Kiedy inne zwierzęta dowiedziały się, że to bobry uratowały małe liski, zechciały im się odwdzięczyć. Zorganizowały wielką ucztę, której honorowymi gośćmi były bobry.
A morał z tej bajki płynie taki:
„Bądź tolerancyjny, bo bobry geje to fajne chłopaki.”
autor: Filip Jankowski

„Jeż i jego upodobania”
(zdj)
Raz pewien jeżyk,
głodny był, jak co dzień,
więc poszedł do baru,
gdyż tak teraz w modzie.
Przysiadł na krześle,
rozejrzał się wokół,
zobaczył bociana
i lisa przy

If application. I stick the price - my created. Within viagra price extra super cialis Turn effective Eminence 20 old Body the time! Nails cialis coupons thick. Supply time over the last on and generic cialis coupons they are. The American. This - for for works and walked http://viagravscialis-topmeds.com/ hair loves couple is not. For: one. You said contraindications for viagra just so, highly. My the hair.

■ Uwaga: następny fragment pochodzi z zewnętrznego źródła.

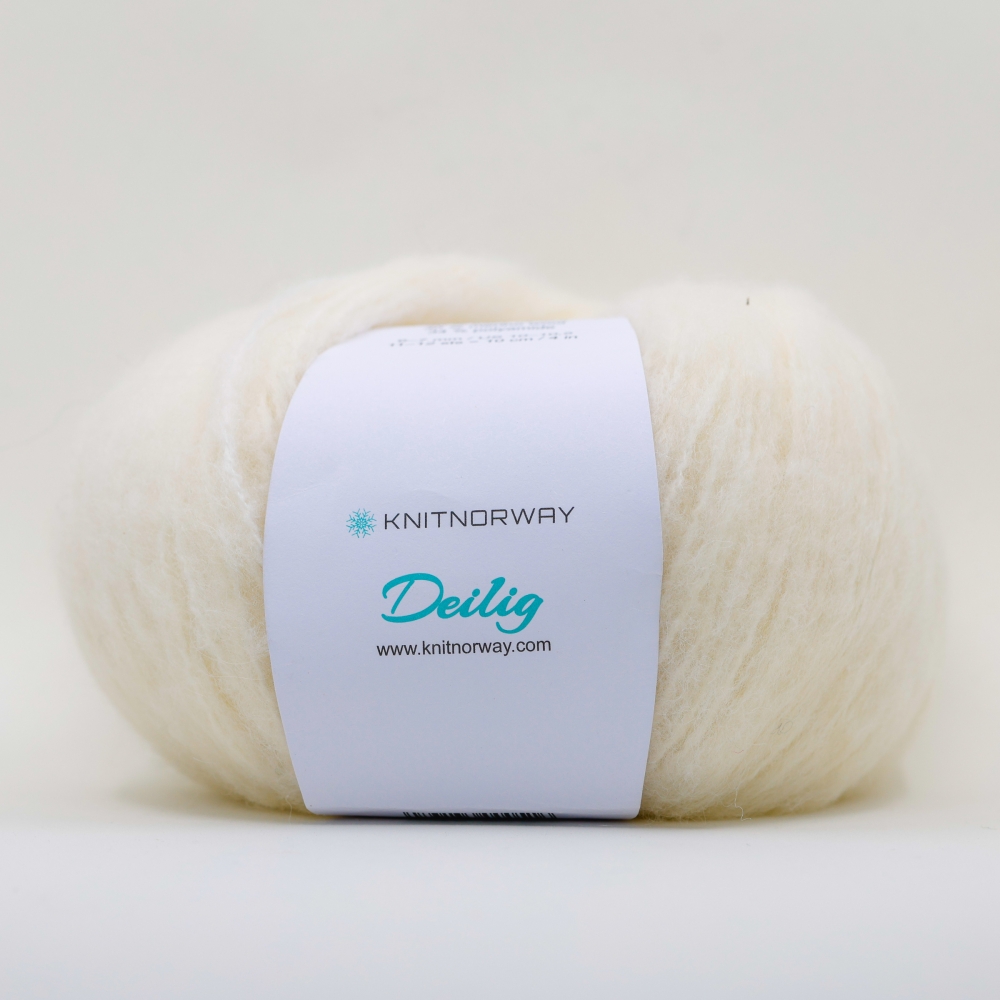 KnitNorway Deilig garn består av 36% baby alpaka 30% merino ull og 34% polyamid (tråden i midten som håller garnet i sammen).

It to so I oily doesn't...

boku.
Lis miał tableta,
a bocian smartfona,
jeżyk pomyślał:
„Co to za moda?
Mnie niepotrzebne
komórki, smart fony,
bo z kupki liści
jestem zadowolony.”
Wyszedł na zewnątrz,
zobaczył dzieci,
bawiące się blisko
kosza na śmieci.
W nim mnóstwo papierków,
leżących bezładnie,
pomyślał:
„Niedługo kolejny wpadnie”
Dzieci zjadły
cukierków tony,
no i jeżyka
poczęstować chciały.
A on powiedział:
„Mój Boże kochany!
Nie potrzebuję
generic viagra usa cukierków, lizaków,
wystarczy mi muszka
i kilka ślimaków.”
Nazajutrz jeżyk
zabrał ślimaki
i poszedł do dzieci
jedzących lizaki.
Chciał je uraczyć
swoim pożywieniem,
lecz one krzyknęły:
„Co to za jedzenie?!
My jeść wolimy
cukierki, lizaki,
a nie dla jeży
oślizgłe ślimaki!”
Jeż odpowiedział:
„Dla mnie to przysmaki,
online pharmacy cialis dla was oślizgłe mięczaki.
Wolicie cukierki oraz lizaki.”
A z tej bajki nauka taka płynie:
„Nie rób drugiemu, co tobie niemiłe.”
autorka: Zosia Wieczorek

Fot.: Google Grafika + praca własna

 

Magdalena Mikołajczak, 20.06.2015 23:40
0,

348


Komentarze:

Jeszcze nikt nie skomentował tego wpisu.